Creativity is, for the purpose of our study, understood in the context of divergent thinking. In accordance with Sternberg (2005), we do not perceive creativity as a single attribute but a set of attributes, and with respect to the study, we selected a set of strategies to focus on. However, as enquiry into creativity is not our basic goal, we limited it to the structure adapted from Meador (1997).

The level of creativity was measured using Christensen–Guilford test (Kline 2000), covering divergent thinking. The pupils proposed as many uses of common objects as possible. What is important here is how logical and practicable the answers were.
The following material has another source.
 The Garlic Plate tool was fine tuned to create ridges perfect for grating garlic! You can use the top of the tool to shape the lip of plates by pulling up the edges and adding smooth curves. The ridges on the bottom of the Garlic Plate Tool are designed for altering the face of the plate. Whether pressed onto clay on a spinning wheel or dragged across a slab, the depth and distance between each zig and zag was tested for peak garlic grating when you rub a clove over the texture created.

The Christensen–Guilford test measures four dimensions:

  • Fluency—how many relevant uses the pupil proposes

  • Originality—how unusual these uses are

  • Flexibility—how many areas the answers refer to

  • Elaboration—quality and number of details in the answer

Qualitative evaluation of each dimension was translated into points, and the total score indicated an index of creativity. The higher the index, the more creative the pupil is purported to be.
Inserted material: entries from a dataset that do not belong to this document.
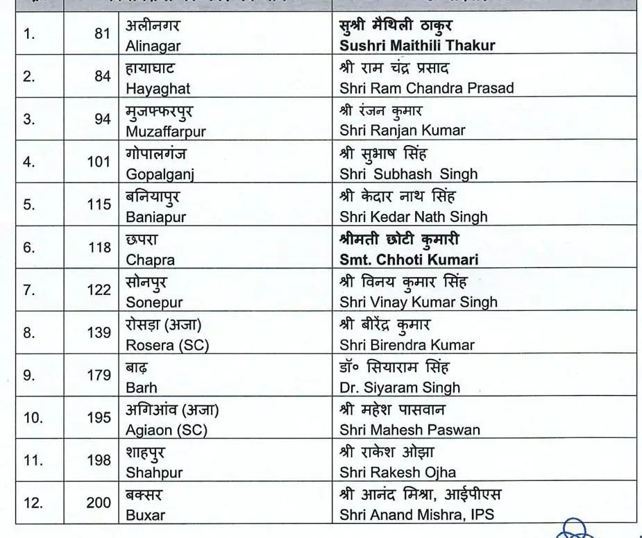 बीजेपी ने पहली सूची में कुल 71 कैंडिडेट का ऐलान किया था. पार्टी ने आज 12 उम्मीदवारों के नाम की घोषणा कर दी है. इस तरह बीजेपी ने अबतक कुल 83 कैंडिडेट के नाम का ऐलान कर दिया है. एनडीए में हुए समझौते के तहत बीजेपी राज्य की 243 विधानसभा सीटों में से कुल 101 पर चुनाव लड़ रही है. जेडीयू भी 101 सीटों पर चुनाव लड़ रही है.
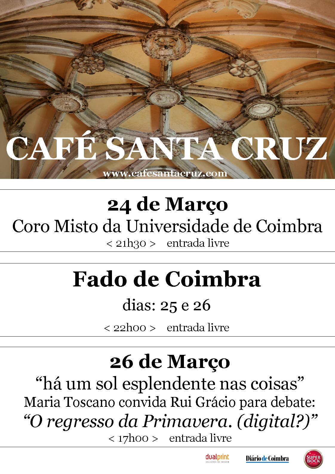 , concerto integrado no Corolário no café Santa Cruz às 21h30.
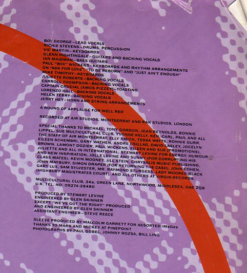 Among the members of Boy George's backing band on this album is Well Red.

Ability to use the existing knowledge

This component of CPS was assessed on the basis of a set of problems developed by the research team. It was tested in a written form. Dyads of problems were used for this testing—the first problem to find out whether a pupil has a particular piece of knowledge and the other whether the pupil can use or apply it. The pupils sat tests consisting of four such dyads before and after the experiment. The problems in the initial and the final tests were different. They tested presence of knowledge (the first problem in the dyad) and ability to use this knowledge (the second problem in the dyad). This knowledge was related to what the pupils were expected to have learned in the period of 6 months before sitting the test. Each of the problems was evaluated either as correctly (R) or incorrectly (W) solved. Thus, each pupil was assigned, for every pair of tests (final/initial), two ordered quartets of numbers corresponding to the frequency of codes RR, RW, WR and WW. These data were then processed using the formula

$$ \mathrm{AUEK}=\left({\mathrm{RR}}_{\mathrm{fin}}\hbox{-} {\mathrm{RR}}_{\mathrm{in}}\right)+3\times \left({\mathrm{RW}}_{\mathrm{fin}}\hbox{-} {\mathrm{RW}}_{\mathrm{in}}\right)+2\times \left({\mathrm{WR}}_{\mathrm{fin}}\hbox{-} {\mathrm{WR}}_{\mathrm{in}}\right)+2\times \left({\mathrm{WW}}_{\mathrm{fin}}\hbox{-} {\mathrm{WW}}_{\mathrm{in}}\right) $$

and each pupil was assigned an index of change indicating the ability to use their existing knowledge. Obviously, the greater the number, the more this pupil’s ability had improved. The difference in the brackets shows the change in individual cases. The difference RRfin ‐ RRin describes the change in the number of present and correctly used knowledge items between the initial and the final tests. The different coefficients of combination represent the weight assigned to the differences in order to distinguish between three levels. Of most interest is the situation when the knowledge is (formally) present but the pupil cannot use it while solving the problem. The least interesting is the situation when the knowledge is present and the pupil can use it while solving the problem. The other two situations where the presence of knowledge is not proven are assessed identically since this is not an indicator we would be monitoring.

Results and discussion

Success in problem solving

In this section, we focus on two phenomena arisen from analysis of initial and final tests: correctness of problem solving and the frequency of a blank sheet.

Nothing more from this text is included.